There was one final lesson of love that we learned as we walked through many years of hardship, struggle and homelessness. It was the greatest lesson of all and the hardest to learn. It is so important that Paul mentions it no less than 5 times in 1 Corinthians 13. It is this lesson that only those who give up all and follow Jesus truly learn. It is the lesson of patient enduring love. “Love endures long and is patient and kind; Love bears up under anything and everything that comes, Love’s hopes are fadeless under all circumstances, and Love endures everything [without weakening]. Love never fails [never fades out or becomes obsolete or comes to an end].’” 1 Cor. 13:4,7-8. It was this love of Jesus that stood with us during our whole wilderness time. In standing with Him we learned to endure through every hardship and not quit. It is this love that goes the distance when you are hungry, tired, cold, wet, alone and miserable. It is Jesus’ love that held us tight when all of hell was unleashed against us. It was the love of the Father that kept us safe during the dark stormy nights. This is the love that endures long and never failed us. This is why we did not quit.
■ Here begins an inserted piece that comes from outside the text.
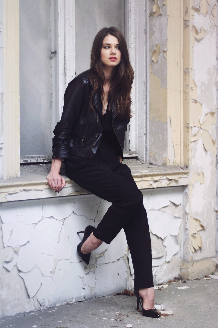 Mam dla was czarno czarny wpis! Ten kombinezon jest chyba najwygodniejszym ubraniem w mojej szafie. Pogoda za oknem nie należy już do najcieplejszych. Dzisiejszy dzień był pochmurny dlatego zdjęcia też maja dość szarawy klimat. Mam nadzieję, że stylizacja przypadnie wam do gustu !

I have used Paul’s description of love in 1 Corinthians 13 as a backdrop to describe a little about what we learned of love. If I were to describe all we learned about love it would be a very thick book. Paul’s words have been our plumb line for understanding love for a very long time. His admonition to love is much needed today. There is a warning, however, that I feel must be given to those who read our story and think that they could repeat such a journey without Jesus’ leading. In 1 Cor. 13:1-3 Paul states, “If I [can] speak in the tongues of men and [even] of angels, but have not love (that reasoning, intentional, spiritual devotion such as is inspired by God’s love for and in us), I am only a noisy gong or a clanging cymbal. And if I have prophetic powers (the gift of interpreting the divine will and purpose), and understand all the secret truths and mysteries and possess all knowledge, and if I have [sufficient] faith so that I can remove mountains, but have not love (God’s love in me) I am nothing (a useless nobody). Even if I dole out all that I have [to the poor in providing] food, and if I surrender my body to be burned or in order that I may glory, but have not love (God’s love in me), I gain nothing.” No enterprise, regardless of how lofty the intent, will succeed if there is no love of God in it. Love is the beginning and the end. Without love there is nothing.


This love I have talked about here is not the love of the pithy quote or off-hand comment, no, it is the deep, practical, sacrificial love that gives up all for Jesus. This is the love Jesus showed us on the cross when He endured all for us and did not quit. His abiding presence with us is His love. He is the great Son to our reflective moon. We bring Him great joy when we are so aligned to His will that we accurately reflect His love to others on this earth. To gain that goal you must allow Him to mold and shape you, to remove all dross, the ‘self’ nature in you, so you are pure before Him. Only then will you properly reflect His love to others.